COS 429 - Computer Vision |
Fall 2016 |
Course home | Outline and Lecture Notes | Assignments |
Now we are ready to train a simple ConvNet to classify images. This data set, known as CIFAR-10, contains 32x32 RGB images, each belonging to one of 10 categories. MatConvNet conveniently includes an example that trains a basic network (and a more complex one, too).
The code is located in
matconvnet/examples/cifar/
Replace the files found there with these.
This version changes a few features:
imdb.showExample(imdb, ex_index, cls_result);where cls_result is a 10x1 vector of softmax outputs.
Task 0:
Train the network for 10 epochs using:
[net, info, opts, imdb] = cnn_cifar('train', struct('numEpochs', 10), 'runName', 'baseVersion');
This will start by downloading and saving the data set.
In the train & test loss graph, the test loss does better in the first 1-2 samples, then the training begins to have a smaller loss.

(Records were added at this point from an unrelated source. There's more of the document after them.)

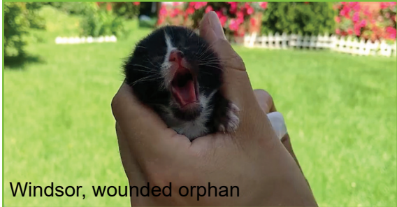
Windsor, wounded orphan
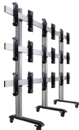
Mobile Universal Videowall Stand For 3x3 Videowalls screens up to 55"
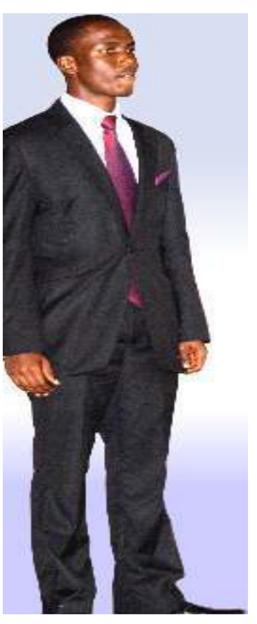
Figure 2: Approved Dressing for Male Students in Covenant University

Similarly, the Universities of Lagos in its Campus News (Vol 15, No 45) reported that Senate approved the following dress code for University of Lagos students which stipulated that students are not allowed to wear:
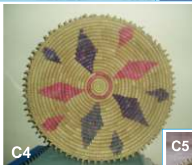
Changair with stand size 26 cm (round)
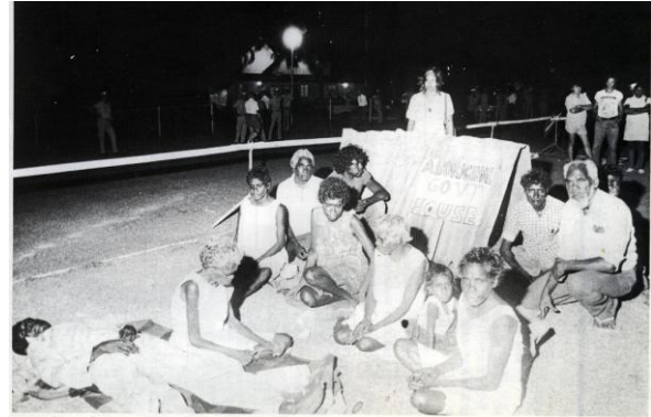
Left: The petition to the Queen. Right: Campers outside Government House waiting to deliver the petition on the night of October 16 th , 1972.

The plan was to set up an alternative ‘Aboriginal Government House on the lawns outside the entrance to Government House for the duration of the October visit to Darwin of Princess Margaret and Anthony Armstrong Jones.
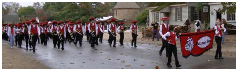
Wm & Mary Homecoming Parade.
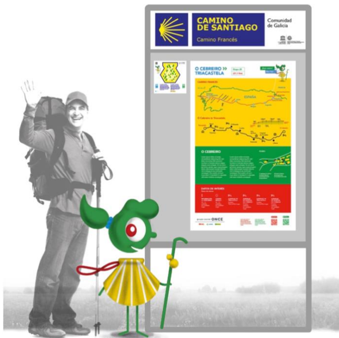
Image: From the Way of Saint James project. Proposed signage with placement of the "VuMark" digital code, which pilgrims can scan to receive information via their mobile device.
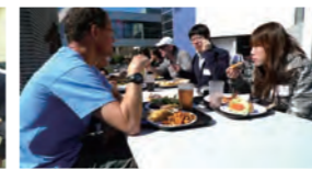
Lunch meeting at Google's headquarters
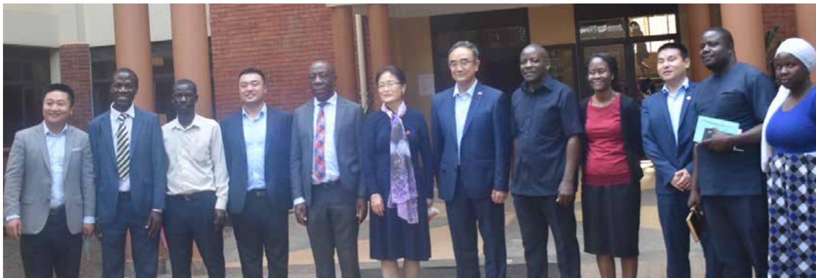
The DVCA F&A poses for a picture with staff from CEDAT and CCCC on 2nd November 2022 following the signing of the MOU.

A number of research dissemination workshops were held with the view of sharing information and knowledge generated in the course of implementing projects. Some of the fora was used to add value to the work through validation seminars organized both at unit or departmental levels. The following are worth mentioning.
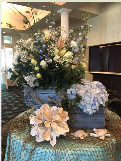
Sondra Knight's Foyer Creation
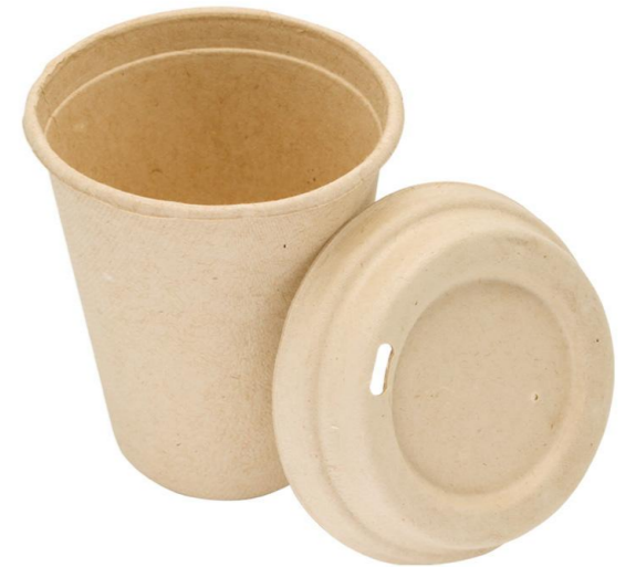
Biodegradable Coffee Cup
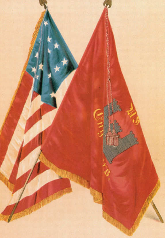
National and Battalion Colors of the Battalion of Engineers

The board also explored the question of how detached artillery batteries should display their battles. It determined that artillery batteries (as well as cavalry) were entitled to bear on their guidons the names of battles in which they served independently. Furthermore, The Adjutant General was to place the names of those battles in the Army Register next to the letter of the battery. Battery honors were not to include those to which its parent artillery regiment was entitled, but only the battles in which the battery had served independently on detached service. Since all artillery batteries were entitled to carry guidons, the board thought it was appropriate to determine whether detached batteries having served as infantry should inscribe the names of their battles on the guidon. Although such a determination seemed fitting, the board side-stepped the issue. 15
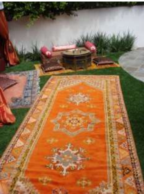
Marrakech 12' x 6' $200
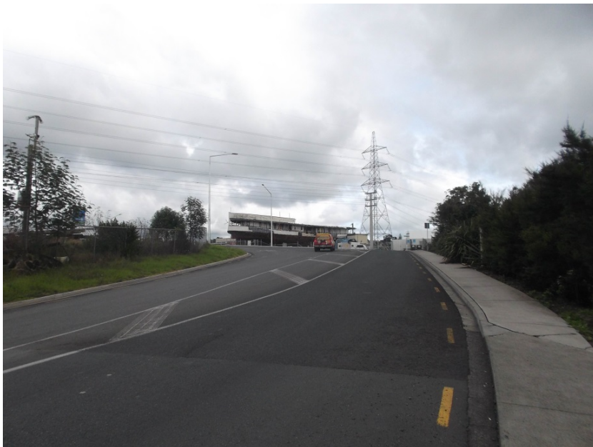
Photograph 2: The Concourse / Selwood Road Intersection

Both The Concourse and Selwood Road have a 50km/h posted speed limit.
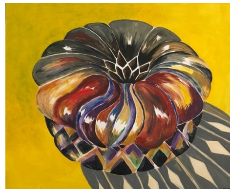
Heather Green. Acrylic
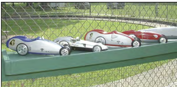
Some of Ron Hesskamp's stable of cars.
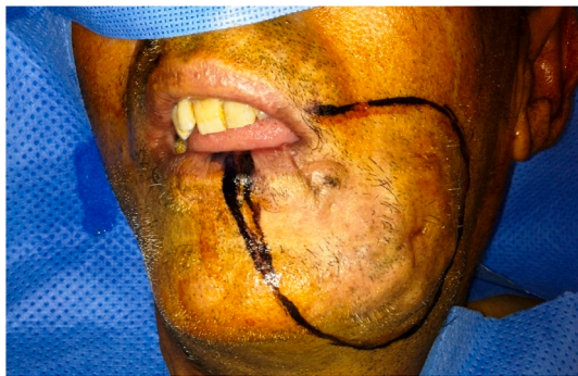
Fig. 1. Preoperative time (surgical margins designing of squamous cell carcinoma).
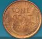
Wheat Cents 1.2¢* up to $2,500
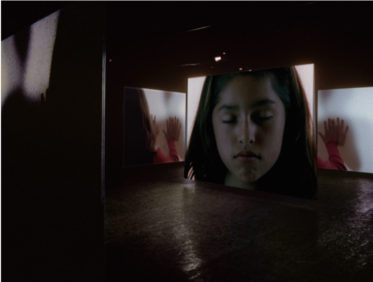
Doug Aitken, i am in you , 2000, Installation view: Galerie Hauser & Wirth & Presenhuber, Zürich, 2000, © Doug Aitken, Courtesy of the artist; 303 Gallery, New York; Galerie Eva Presenhuber, Zurich; Victoria Miro Gallery, London; and Regen Projects, Los Angeles
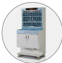
Retail Compliance Packaging
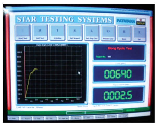
Figure 2: Screenshot of computerized plotting of the load – deflection curve – start of loading

production. After 0.5-1 mm of deflection, the wires began to "recover" and produce average force levels of the plateau. Group 4 showed a steep raise in force production that ranged from 3.5 to 1 mm on unloading. This result is in agreement with the result obtained by a similar study. The reason attributed to this result is that forces generated depend on the severity of the deformation, the crystalline structure and the transition temperature range (TTR). It has been reported that the TTR could be shifted to a higher temperature in an alloy that forms stress induced martensite (SIM) during its activation. This would thus require a higher temperature than expected to transform the SIM into its austenitic form. In this study, the temperature was kept constant and above the A<sub>r</sub> which explains the nature of the unloading curve.
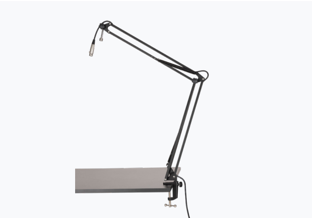
BROADCAST MIC BOOM ARM MBS5000 / 12550
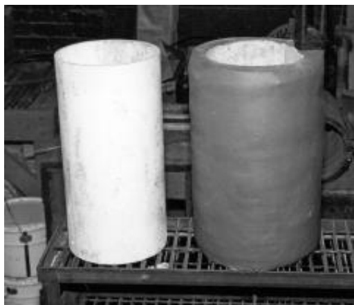
Type RS-101 Induction Coil Liner used in channel induction melting furnace
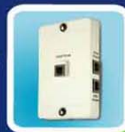
C10345M ADSL WALL PHONE
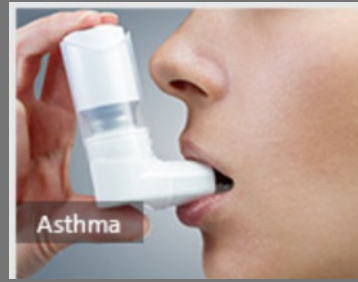
Asthma Treatment Service
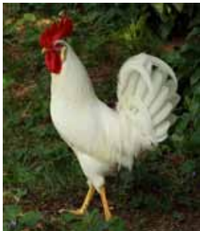
White Leghorn Rooster
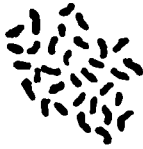
Spigelia anthelmia L. 2n = 32
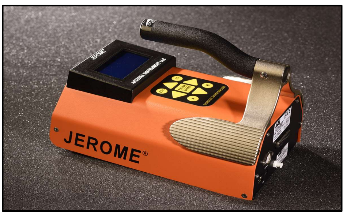
Jerome® J605 Hand-Held Hydrogen Sulfide Analyzer
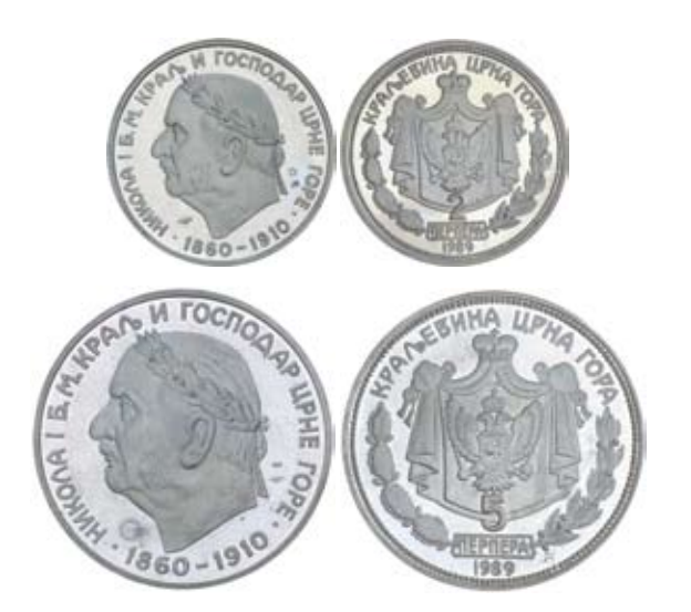
1430* Montenegro, proof silver two and five perpera 1989 (KM-). FDC . (2)
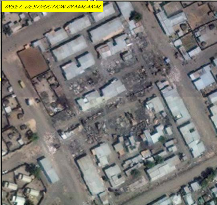
INSET: DESTRUCTION IN MALAKAL

See inset for close-up view of destruction
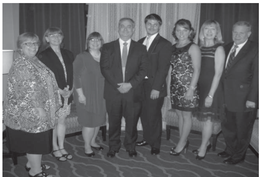
National Executive Board Senior UOL 2015-2016
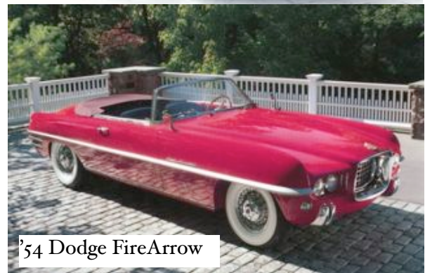
'54 Dodge FireArrow
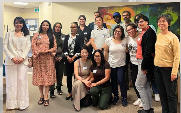
IAT Committee members

Comprised of 20 active community members, the IAT launched its first meeting of 2025 in collaboration with the PEI PIP team—marking an exciting start to a new year of engagement and impact.
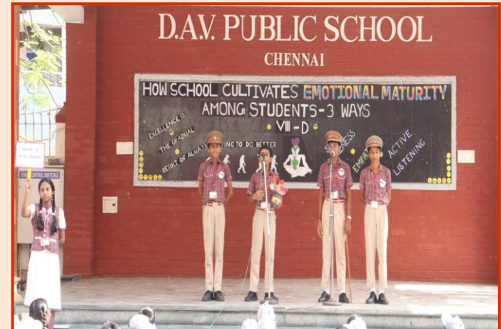
A Pot of Treasure – Skit by DAV Theatre Personalities
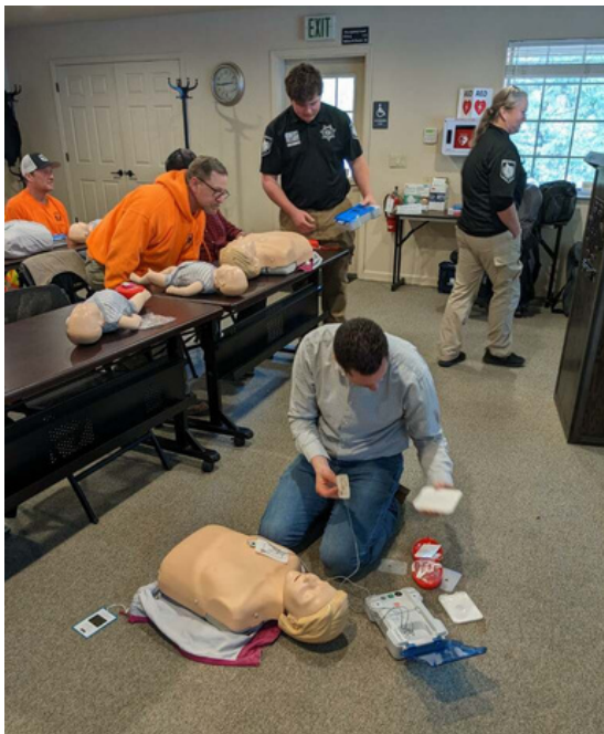
THCSD staff members practice at the February CPR/AED training

On March 6th, the Twain Harte Fire Department completed a year-long community project called the Twain Harte Heart Start. This community project, which was grant funded by the Sonora Area Foundation, intended to strategically place Automatic External Defibrillators (AED) in high foot traffic areas in Twain Harte, which would allow quicker deployment of an AED if someone were in need. This grant also provided each business location where the AEDs were placed free CPR/AED training and state-of-the-art CPR manikins and AED trainers.

Can you figure out why this is?
Task 1:
Evaluate the network on a batch of 100 test examples (hints:
find(imdb.images.set==3) and
[ims, labels]=imdb.getBatch(imdb, batch))
and compute the normalized softmax scores for each class (recall Part
4.2 of the tutorial). Now look at several examples including the best,
worst, and some average classified ones and display them using the
showExample() function).
Task 2:
Now train the network for more iterations until it looks like it has
converged. (calling cnn_cifar() again will continue training from
where you left off). You probably want to give the resulting net a
different variable name so you can still access the previous one.
Look at the same examples as before. Has the classification improved? How did it change for the good and bad examples?
Task 3:
Now you will start to modify the network and its training options. These are defined in cnn_cifar_init.m.
First, play with the learning rate and see if you can make it learn faster. What is the range of reasonable learning rates for this network?
Task 4:
Play with the network and see if you can make it better. Try changing the
number of channels. Also try adding some additional conv+relu
layers (without pooling and with pading so the layer size does not change).
Can you find one that achieves a better classification accuracy on the test
set?